Replying to pmirallesr (#64,814)

This is my understanding as well. Quantum computing offers another computing paradigm, which opens up new possibilities. There's little point of thinking of algorithms that work well using the current computer paradigm.

Unfortunately I know too little of QML to give specific examples of what new opportunities it might provide.

avialex OP t1_irnpnry wrote on October 9, 2022 at 5:34 PM

#64,917

Replying to anomalousraccoon (#64,866)

Quantum NN's are quantum algorithms, are they not? Are you thinking of hybrid nets where only a few neurons are quantum?

edit: ok I see, you're saying GD is the problem, we need a QC algorithm to train QNN's. I would definitely agree, but as it stands I don't think there is one?

pmirallesr t1_irnqpq4 wrote on October 9, 2022 at 5:40 PM

#64,956

Replying to avialex (#64,843)

That's fair. I liked Maria Schuld's research on QML.

https://arxiv.org/abs/2101.11020

Less-Article1309 t1_irnsaed wrote on October 9, 2022 at 5:51 PM

#65,035

eh who cares about quantum models, too much incoherence and noise. D-Wave's adiabatic quantum computer is showing a lot of promise in the optimization arena. All that needs to happen is a quantum method used for finding good classical ANN minima instead of SGD; then there would no longer be the requirement for lengthy and costly GPU training if quantum annealing of ANN weights becomes a reality.

utilop t1_ironow2 wrote on October 9, 2022 at 9:18 PM

#65,994

Replying to Less-Article1309 (#65,035)

Why did this get downvoted?

Is there some fundamental limitation implying that we would have to rely on SGD and cannot do the optimization through superposition?

chatsagnik t1_irpvukn wrote on October 10, 2022 at 3:09 AM

#67,960

Theoretically, QNNs don't need backpropagation exclusively to train. See https://pennylane.ai/qml/glossary/parameter_shift.html to understand parameter shift rule. If you are willing to do a deeper dive, check out this paper: https://arxiv.org/abs/2105.00080 on Quantum GANs to get another sense of how the classical and quantum worlds diverge.

You also have to understand that quantum data is not the same as classical data.
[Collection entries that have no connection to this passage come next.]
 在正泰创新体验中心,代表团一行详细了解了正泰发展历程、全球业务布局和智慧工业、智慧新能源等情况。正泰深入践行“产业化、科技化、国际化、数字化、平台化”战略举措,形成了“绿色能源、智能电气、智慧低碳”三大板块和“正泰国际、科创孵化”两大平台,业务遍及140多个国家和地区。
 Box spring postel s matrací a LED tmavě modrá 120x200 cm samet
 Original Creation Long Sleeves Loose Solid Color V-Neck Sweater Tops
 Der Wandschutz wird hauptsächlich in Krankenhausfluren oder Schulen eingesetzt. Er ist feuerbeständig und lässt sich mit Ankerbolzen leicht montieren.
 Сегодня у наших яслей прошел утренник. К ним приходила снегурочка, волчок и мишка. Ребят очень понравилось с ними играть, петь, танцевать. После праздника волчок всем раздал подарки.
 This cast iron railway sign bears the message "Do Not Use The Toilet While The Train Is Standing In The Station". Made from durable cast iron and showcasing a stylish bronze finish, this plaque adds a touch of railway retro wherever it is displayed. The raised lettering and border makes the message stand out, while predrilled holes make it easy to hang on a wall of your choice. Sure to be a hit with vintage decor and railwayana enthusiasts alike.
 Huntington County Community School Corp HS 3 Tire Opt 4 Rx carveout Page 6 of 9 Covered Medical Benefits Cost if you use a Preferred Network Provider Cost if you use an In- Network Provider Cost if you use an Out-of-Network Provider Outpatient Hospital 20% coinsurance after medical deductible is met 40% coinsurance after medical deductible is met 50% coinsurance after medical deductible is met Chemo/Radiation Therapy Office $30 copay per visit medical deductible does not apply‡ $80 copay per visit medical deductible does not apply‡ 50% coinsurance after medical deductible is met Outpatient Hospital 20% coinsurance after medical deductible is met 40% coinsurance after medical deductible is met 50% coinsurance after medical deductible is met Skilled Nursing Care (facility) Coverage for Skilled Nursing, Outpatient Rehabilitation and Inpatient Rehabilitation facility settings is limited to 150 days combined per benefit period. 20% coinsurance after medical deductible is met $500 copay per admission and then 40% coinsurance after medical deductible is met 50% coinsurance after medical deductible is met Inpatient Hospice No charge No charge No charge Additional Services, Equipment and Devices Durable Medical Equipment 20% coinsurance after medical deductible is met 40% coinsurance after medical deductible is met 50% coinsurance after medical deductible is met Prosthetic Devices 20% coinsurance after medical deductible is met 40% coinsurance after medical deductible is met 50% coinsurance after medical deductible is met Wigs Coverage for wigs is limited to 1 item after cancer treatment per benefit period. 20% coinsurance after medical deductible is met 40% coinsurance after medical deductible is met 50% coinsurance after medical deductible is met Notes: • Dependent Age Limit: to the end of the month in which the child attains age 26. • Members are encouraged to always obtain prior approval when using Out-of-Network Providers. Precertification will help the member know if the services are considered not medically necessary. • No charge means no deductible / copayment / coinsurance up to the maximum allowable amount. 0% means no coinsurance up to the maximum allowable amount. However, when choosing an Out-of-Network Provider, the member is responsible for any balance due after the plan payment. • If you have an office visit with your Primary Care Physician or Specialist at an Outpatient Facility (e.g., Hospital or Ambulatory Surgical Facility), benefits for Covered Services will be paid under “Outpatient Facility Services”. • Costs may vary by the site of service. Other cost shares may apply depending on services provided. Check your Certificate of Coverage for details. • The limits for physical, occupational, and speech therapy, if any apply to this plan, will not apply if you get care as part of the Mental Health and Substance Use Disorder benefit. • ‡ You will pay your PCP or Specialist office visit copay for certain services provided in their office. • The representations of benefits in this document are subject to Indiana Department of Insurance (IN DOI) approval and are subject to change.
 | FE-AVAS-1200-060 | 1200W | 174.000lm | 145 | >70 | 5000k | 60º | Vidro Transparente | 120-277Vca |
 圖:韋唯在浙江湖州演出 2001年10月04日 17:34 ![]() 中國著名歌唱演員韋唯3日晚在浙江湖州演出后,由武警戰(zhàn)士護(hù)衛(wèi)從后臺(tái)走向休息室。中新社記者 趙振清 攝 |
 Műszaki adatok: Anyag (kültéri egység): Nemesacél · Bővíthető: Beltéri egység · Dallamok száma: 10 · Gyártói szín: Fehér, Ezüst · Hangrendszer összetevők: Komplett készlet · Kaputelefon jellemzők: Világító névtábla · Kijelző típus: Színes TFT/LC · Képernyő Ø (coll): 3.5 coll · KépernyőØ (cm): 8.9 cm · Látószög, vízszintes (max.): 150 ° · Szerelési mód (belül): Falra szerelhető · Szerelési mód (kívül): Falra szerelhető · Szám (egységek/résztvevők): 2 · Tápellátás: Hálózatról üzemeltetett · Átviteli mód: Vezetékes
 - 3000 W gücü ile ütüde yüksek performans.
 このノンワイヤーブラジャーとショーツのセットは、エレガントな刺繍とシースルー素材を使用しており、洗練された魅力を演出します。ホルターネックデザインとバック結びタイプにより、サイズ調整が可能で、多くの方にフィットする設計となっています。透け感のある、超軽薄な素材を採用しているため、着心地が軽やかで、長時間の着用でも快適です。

So your O(1) and O(n) are not really sensible in this argument. For more context, read quantum state preparation papers, and data loading papers (just google). You could also

Will any of this ever be feasible? Probably. Billions of dollars are being sunk in QEC and Hardware RnD. Some of the sharpest minds are working on it. Even if nothing works out, we at least know a new way to do math :D

bran-bar t1_irqcnh2 wrote on October 10, 2022 at 6:10 AM

#68,579

I spent some (not a lot) time with quantum machine learning algorithms and i agree with many comments that basically say that you are taking a not so sophisticated projection from classical ml onto the quantum realm. Here is an example of an algorithm where you adjust al parameters in O(1) per training example: https://arxiv.org/abs/1804.11326.

graphicteadatasci t1_irqq0jr wrote on October 10, 2022 at 9:25 AM

#68,953

But you don't have to do backprop to train a neural network. Even without anything quantum you could do simulated annealing. It's just that SGD is fast and effective.

Less-Article1309 t1_irrjhfe wrote on October 10, 2022 at 2:30 PM

#70,282

Replying to utilop (#65,994)

There's plenty of other optimization methods out there, simulated annealing for example. SGD just lends itself well to the massively parallel architecture of Nvidia GPUs, that's the only reason why it's so prevalent in the industry.